You could probably use MCX or a configuration profile to manage this as well.

VPN menu in Mavericks

November 3, 2013

If you use Apple’s built-in VPN and rely on the VPN menu bar item, you might have noticed that that in Mavericks the menu item no longer shows the connection time by default.

That can lead people to believe the VPN connection has not been established, or for users to forget they are connected. It’s quite easy to turn the feature back on: just select “Show Time Connected” from the VPN menu item.

If you want to manage this for your users, the preference is stored in the “com.apple.networkConnect” domain as a boolean value under “VPNShowTime”:

% defaults read com.apple.networkConnect
{
VPNShowTime = 1;
}

You could almost certainly set this with MCX or a configuration profile.

AutoDMG

October 22, 2013

If you’ve been using InstaDMG to create compiled modular deployment images, you may find it takes some work to get it to work with Mavericks.

Might I suggest a look at AutoDMG?

Works great to build Mountain Lion and Mavericks modular images; comes with a GUI(!) but usable from the command-line as well if you want to automate it!

Congratulations to MagerValp (Per Olofsson) on an excellent tool.

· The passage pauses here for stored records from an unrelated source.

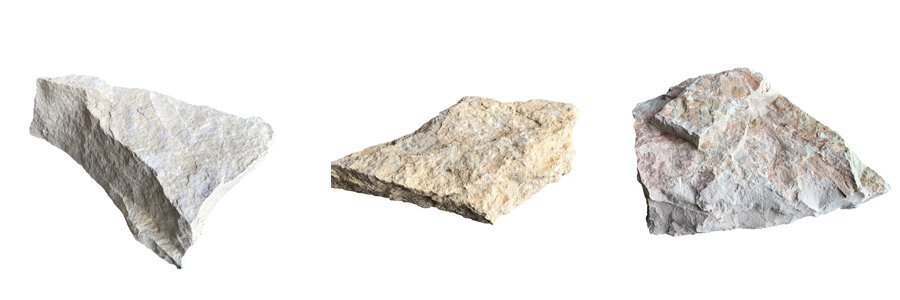 En concreto tres modelos de caliza irregular de tonos claros, indicados para colocar mampostería desconcertada o concertada.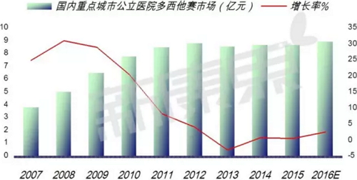 多西他赛在美国、日本等 80 多个国家相继上市,1996 年进入我国开始临床验证后上市。江苏恒瑞在国内已开发获准上市,目前恒瑞的多西他赛在医院的销售额已经超过进口药物,成为销量最大的商家。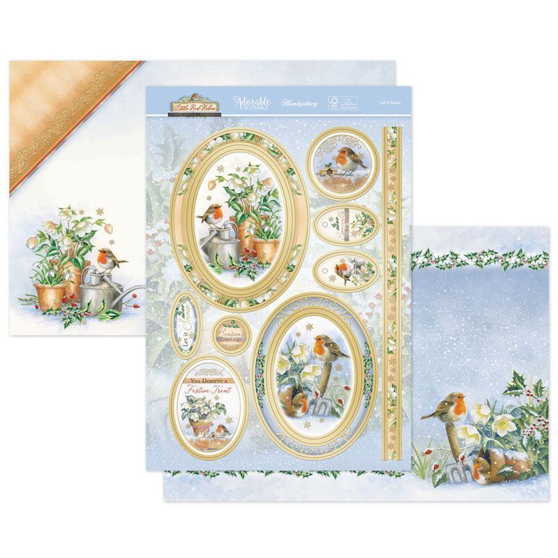 Das Topper-Set "Let it Snow" von Hunkydory UK bietet das Zubehör zur Herstellung von mindestens 2 dekorativen Karten im Stil der Kollektion "Little Red Robin". Die Packung enthält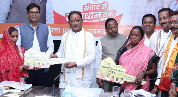 Chief Minister Shri Vishnu Dev Sai handed over the keys of concrete houses to five women including women of special backward tribes under the Pradhan Mantri Awas Yojana after a review meeting in Raigarh today. On this occasion, he handed over the keys of their new houses to Dilmat Bai, Guruvari Bai and Shaniro Bai of Birhor tribe of Kida village of Dharamjaygarh development block.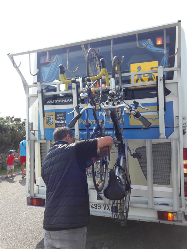 Pour permettre des déplacements intermodaux, le Département du Finistère a mis en place la possibilité de transporter des vélos sur ces lignes. Ce service se présente sous deux formes. Premièrement, il est possible de transporter toute l’année sur toutes les lignes des vélos en soute dans la limite de l’espace disponible. Deuxièmement, certains cars sont équipés pendant l’été de porte-vélo à l’arrière des cars pour permettre ainsi l’embarquement de 8 vélos. Ces cars circulent sur les lignes en lien avec les véloroutes et voies vertes. Ils contribuent ainsi à réduire le handicap de la véloroute inachevée à la Pointe du Raz et facilitent l’accès à l’Ouest Cornouaille depuis Quimper. La promotion de ce service et de la possibilité de réserver des places gagneraient à être renforcées. Ce service démarque le Finistère par rapport à d’autres destinations cyclables. Actuellement, l’embarquement des vélos est possible sur certaines courses desservant les arrêts de la Pointe du Raz, Audierne, Plozévet, Douarnenez, Saint-Guénolé, Léchiagat, Pont-l’Abbé et la gare de Quimper.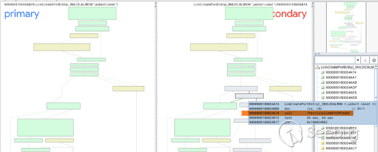 分析漏洞修復后的版本發現,微軟在關鍵函數LcmCreatePortEntry(最終創建打印機端口的函數)中添加了相應的端口合法性檢查代碼。下圖是關鍵函數LcmCreatePortEntry在修復前和修復后的Call Graph對比,可以看出:補丁的核心是通過函數PortIsValid對端口進行合法性檢查。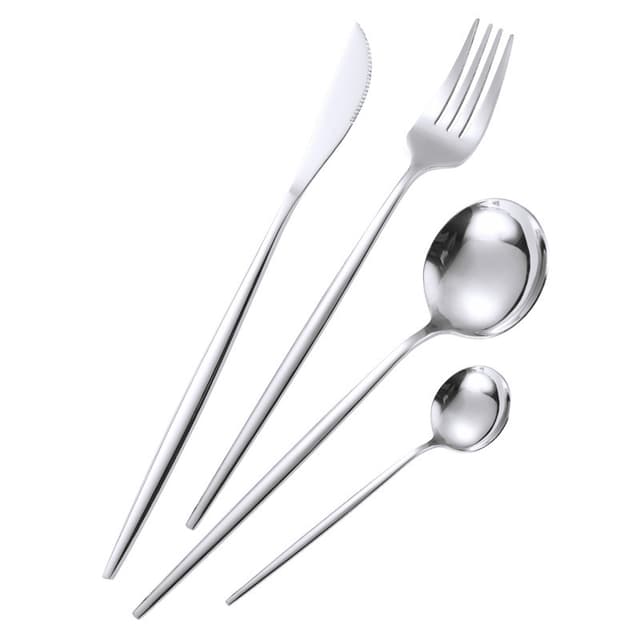 Bestickset av högkvalitativt rostfritt stål, som är hållbart och rostbeständigt. Den välpolerade ytan ger besticken en elegant look. Satsen består av gaffel, kniv, matsked och tesked.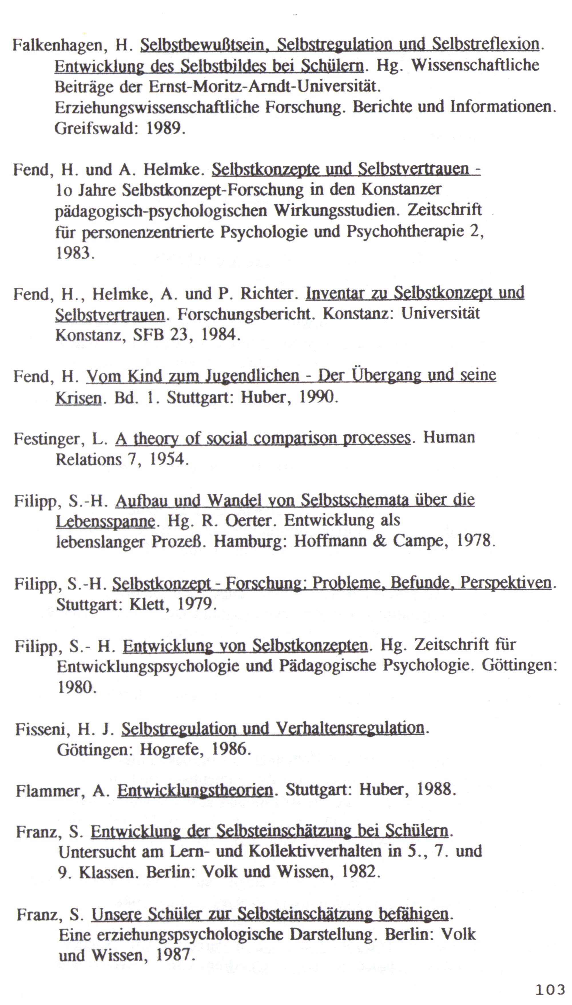 Fend, H. und A. Helmke. Selbstkonzepte und Selbstvertrauen 10 Jahre Selbstkonzept-Forschung in den Konstanzer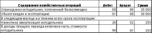 Пример. Один из участников ООО безвозмездно передал предприятию новый холодильник. Рыночная цена 30 000 рублей, в т. ч. НДС. Месячная сумма амортизации 250 рублей.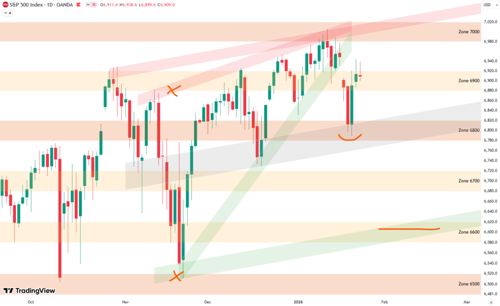 This move tested the 6,800-point area on the downside and then recovered enough to close near the 6,900-point zone, which remains an important level. The initial drop was driven by an escalation around the US–Greenland topic, followed by a de-escalation later on, which helped fuel the rebound. Overall, the drop from the highs was around 3% in a short period of time, while the rebound into the end of the week recovered roughly 2.2%. So despite significant volatility, the net move for the week was relatively small.

It’s still in early development, but is shaping up very quickly.

Mavericks day

October 22, 2013

Mavericks
Apple released OS X Mavericks today. What does that mean for some of your favorite open source tools?

The Munki preview release here is Mavericks-ready.

createOSXInstallPkg here supports packaging a Mavericks install.

And Reposado can replicate Apple Software Updates for Tiger through Mavericks.

Undocumented options

April 30, 2013

Rich Trouton posted today about undocumented options for the asr command-line utility.

On Twitter, Marnin asked:

Lots of OS X utilities have undocumented options. Take for example /usr/sbin/softwareupdate — the command-line Apple Software Update utility.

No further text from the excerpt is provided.